Depuis le 27 juin 2026, cette procédure peut porter sur un contrat d’assurance rachetable, comme certains contrats d’assurance-vie. Dans ce cas, l’opposition adressée à l’assureur entraîne le rachat forcé du contrat.

La somme attribuée à l’organisme de recouvrement correspond à la valeur de rachat du contrat à la date à laquelle l’opposition est notifiée, dans la limite du montant réclamé

 Ce mécanisme s’applique à tout contrat d’assurance rachetable, y compris lorsque le contrat prévoit des restrictions ou des limitations à l’exercice de la faculté de rachat.

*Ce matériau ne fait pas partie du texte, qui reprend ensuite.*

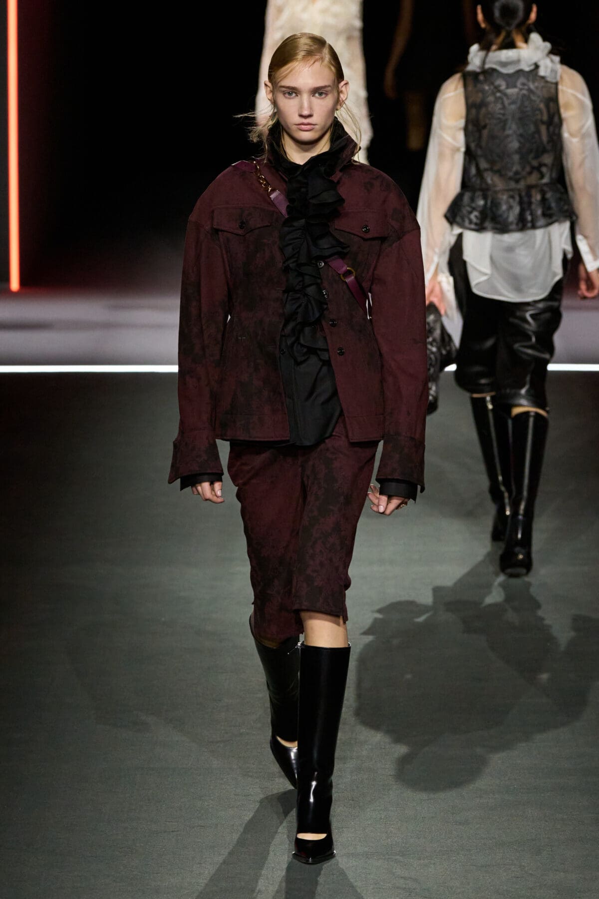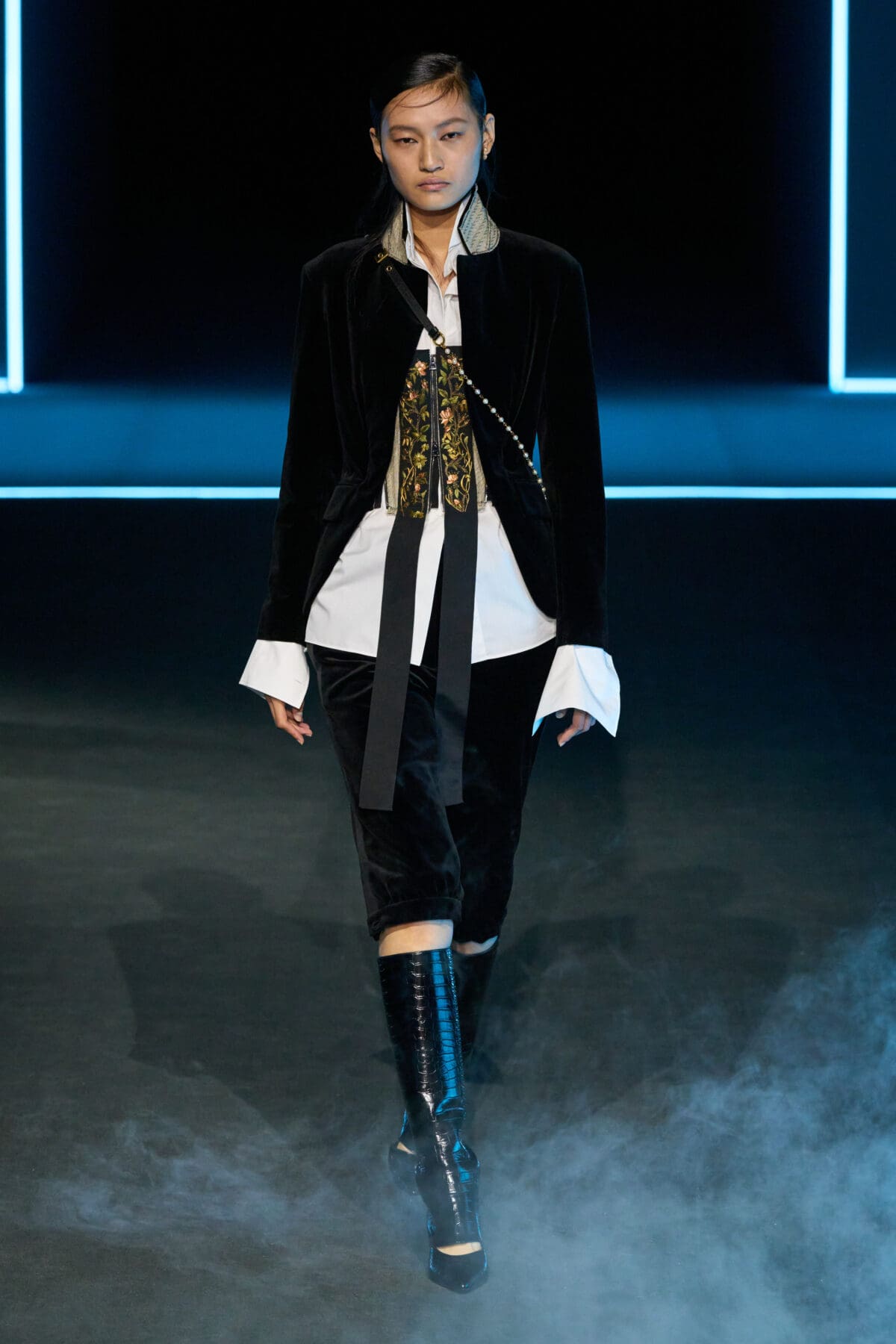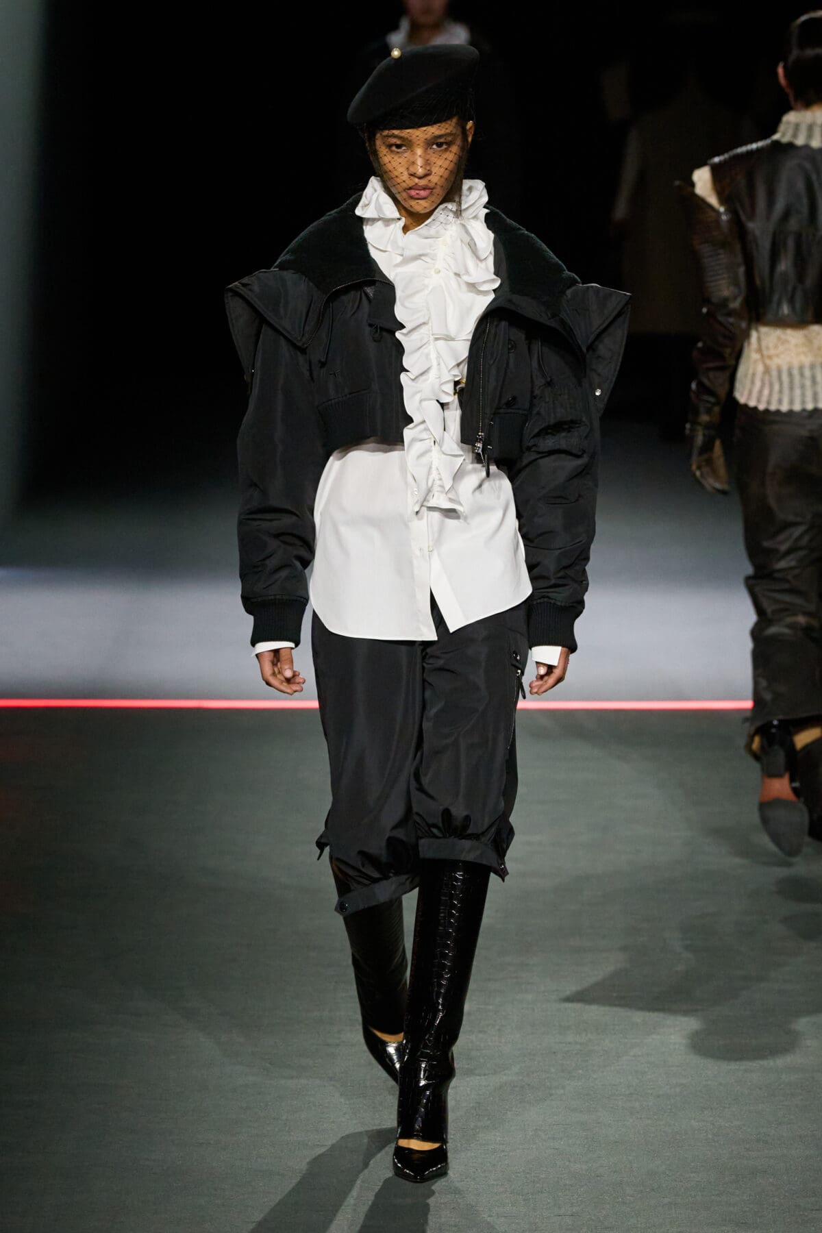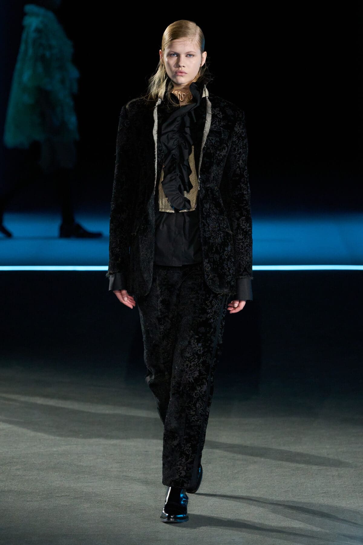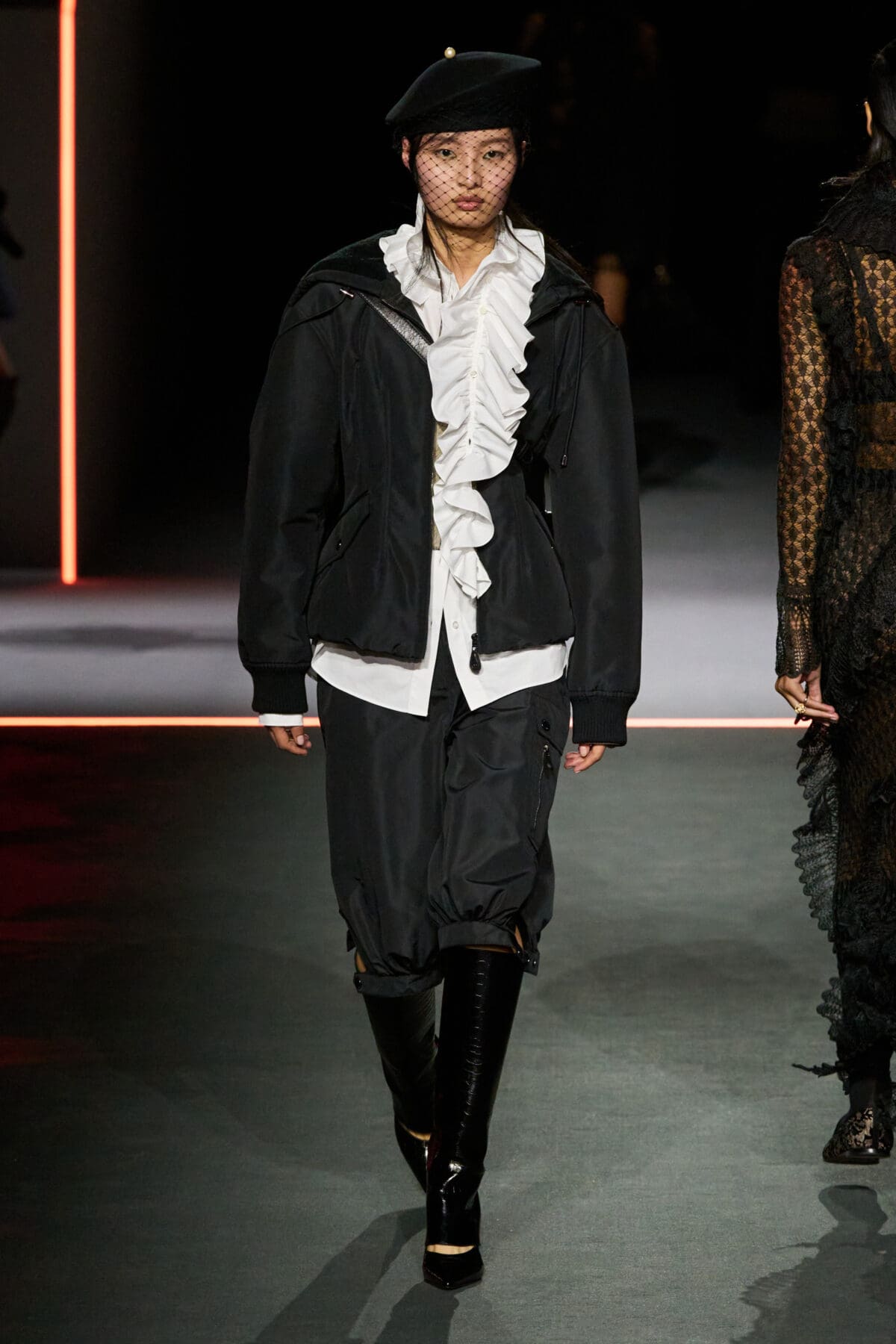 That’s quite a thing to say when you’re ostensibly looking at Tudor doublets and knickerbockers, Elizabethan stomachers, ruffs, redingotes, medieval suits of armor and (pretend) royal ermine. But Chiuri dealt with all of this in a largely believable way from the first look: a quasi-antique men’s jacket with the internal tailoring basting on the outside with a black frilled blouse spilling from its neck, Bermuda-y knickers and a kind of spat-kneeboot.

Indu d’assurance maladie : aménagement de la procédure

Lorsqu’un professionnel ou un établissement de santé doit rembourser à l’Assurance maladie des sommes indûment versées, la procédure de recouvrement débute par l’envoi d’une notification lui demandant :

  • soit de payer le montant réclamé ;
  • soit de présenter ses observations.

Depuis le 27 juin 2026, cette notification doit être adressée par tout moyen permettant de prouver sa date de réception. À compter de cette réception, le professionnel ou l’établissement dispose d’un délai de 2 mois pour payer ou faire valoir ses observations.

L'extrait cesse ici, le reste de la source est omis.